Orthodox religious holiday

Tatiana Day (Татьянин день, Tatyanin den), also known as Tatyana's Day or Students Day, is named after Saint Tatiana, a Christian martyr in 3rd-century Rome during the reign of Emperor Alexander Severus. It is also the name day for the name Tatiana. The Russian Orthodox Church celebrates St. Tatiana's feast on 12 January Julian, which corresponds to 25 January Gregorian in the 20th and 21st centuries. In Russia, the day is known as Students Day, commemorating the end of the winter university exams session.

== Background ==
On 12 January 1755 Julian (23 January 1755 Gregorian), Empress Elizabeth of Russia signed a decree for the establishment of the first Russian university, which was constructed in Moscow and put under the care of the first Russian Minister of Education Ivan Shuvalov (that day was his mother's name day). In 1791, the Church of Saint Tatiana was built in the university campus, and the Russian Orthodox Church declared Saint Tatiana the patron saint of students.

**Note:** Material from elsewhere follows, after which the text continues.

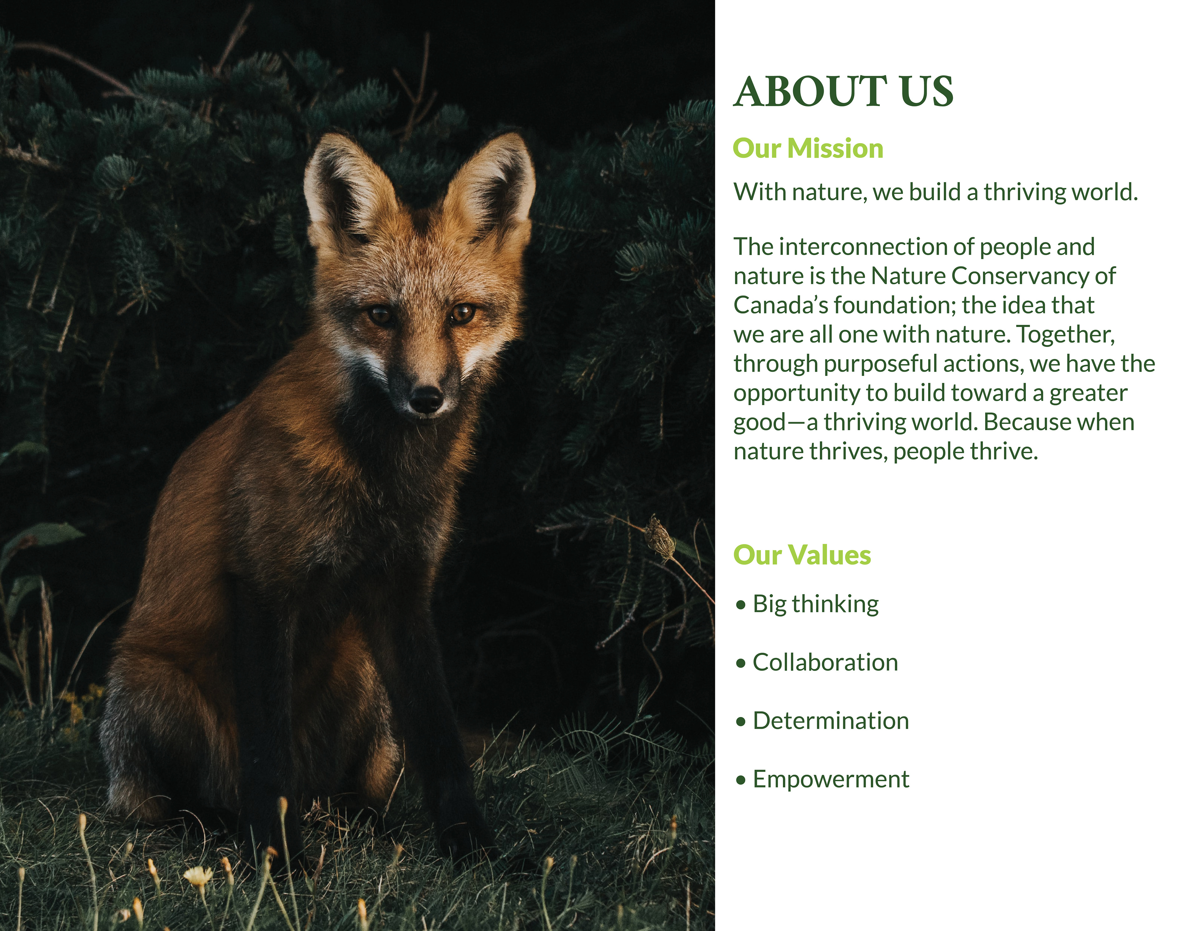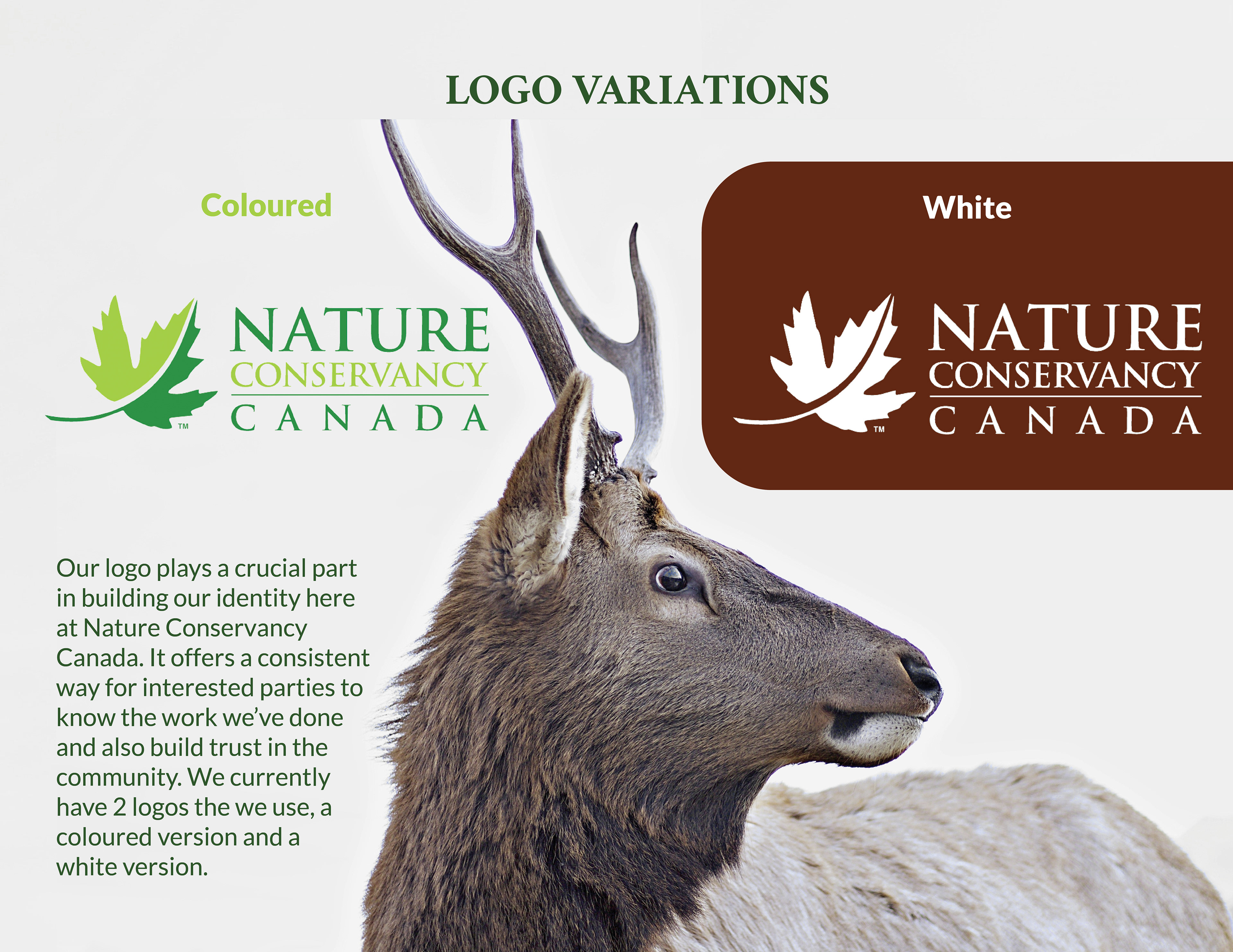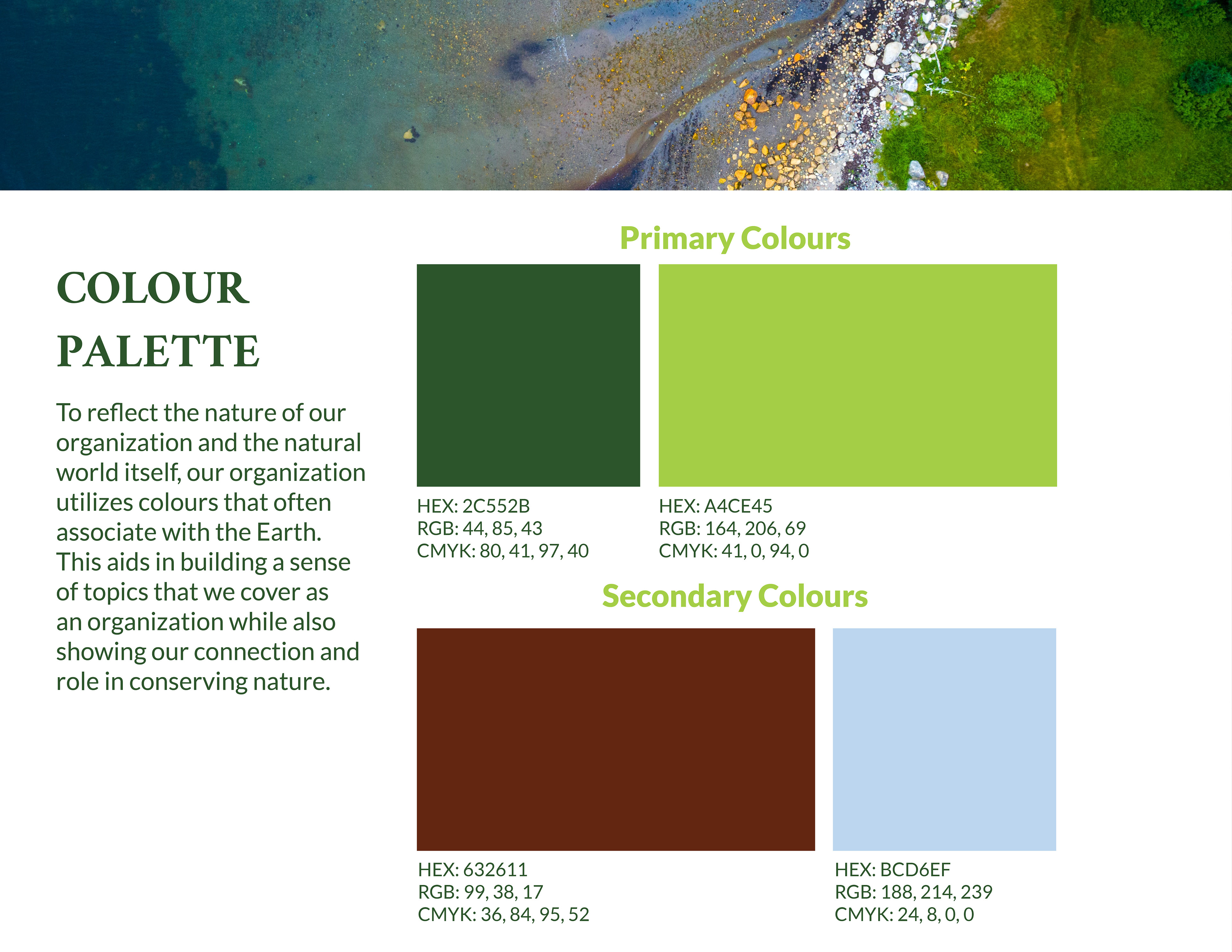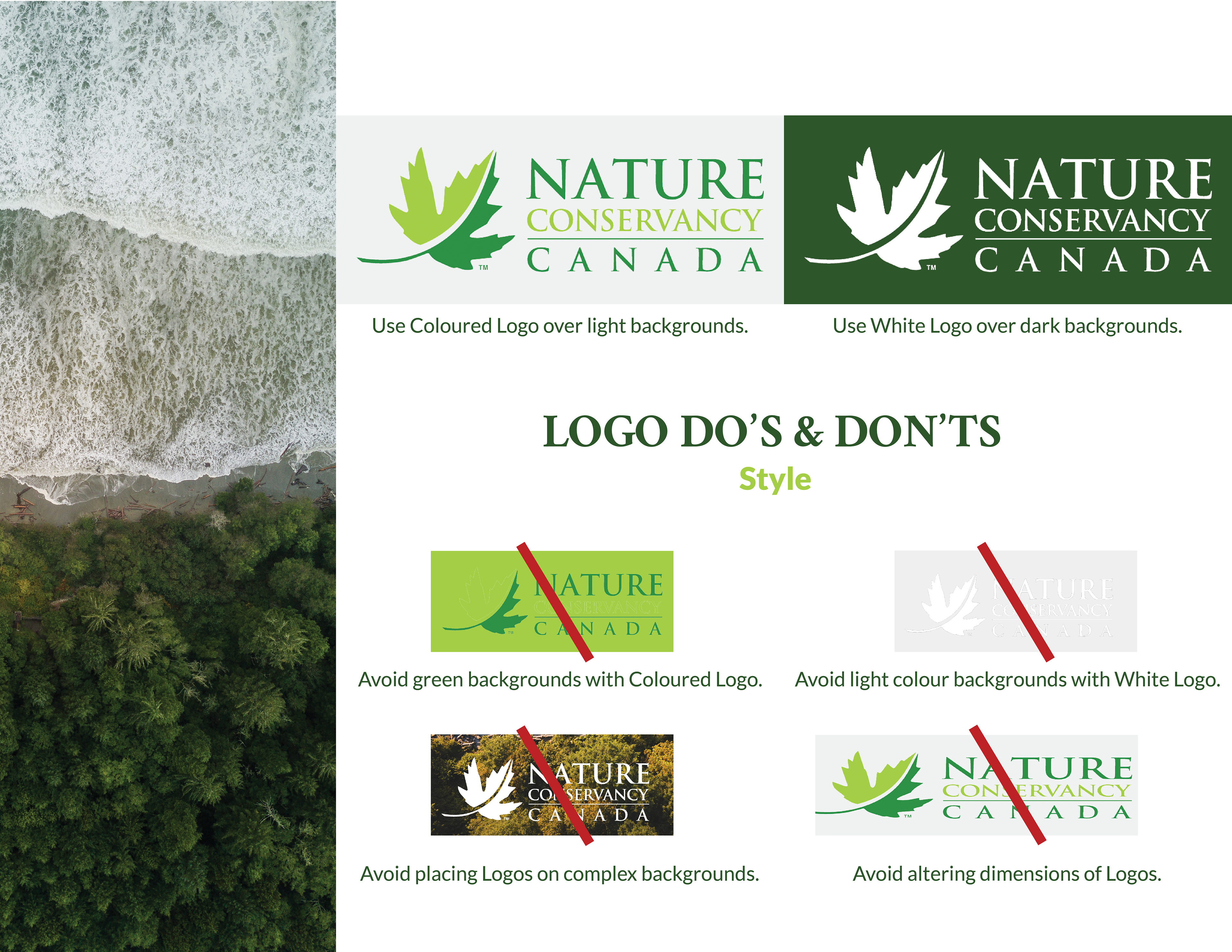 Created as an assignment for the Environmental Visual Communications program, the following Brand Guideline aims to provide employees of the Nature Conservancy of Canada with clear and concise ways to present their brand in any future work.

Tatiana Day has come to be celebrated as Students Day in countries of the former Russian empire. The observance has a long tradition of festive activities and celebrations. In 1885, Chekhov wrote about Tatiana Day, "This year everything was drunk, except the water from the Moscow river, and only because it was frozen". The day begins with a traditional service conducted at the University's church followed by speeches and the awarding of prizes. Later in the day, many students host or attend parties and public events. Although originating in Moscow, St. Tatiana's Day celebrations have spread to most university towns.

Tatiana Day also coincides with the end of the first term of the traditional academic year for Russian students, so the holiday also functions as a day of celebration for the completion of final exams.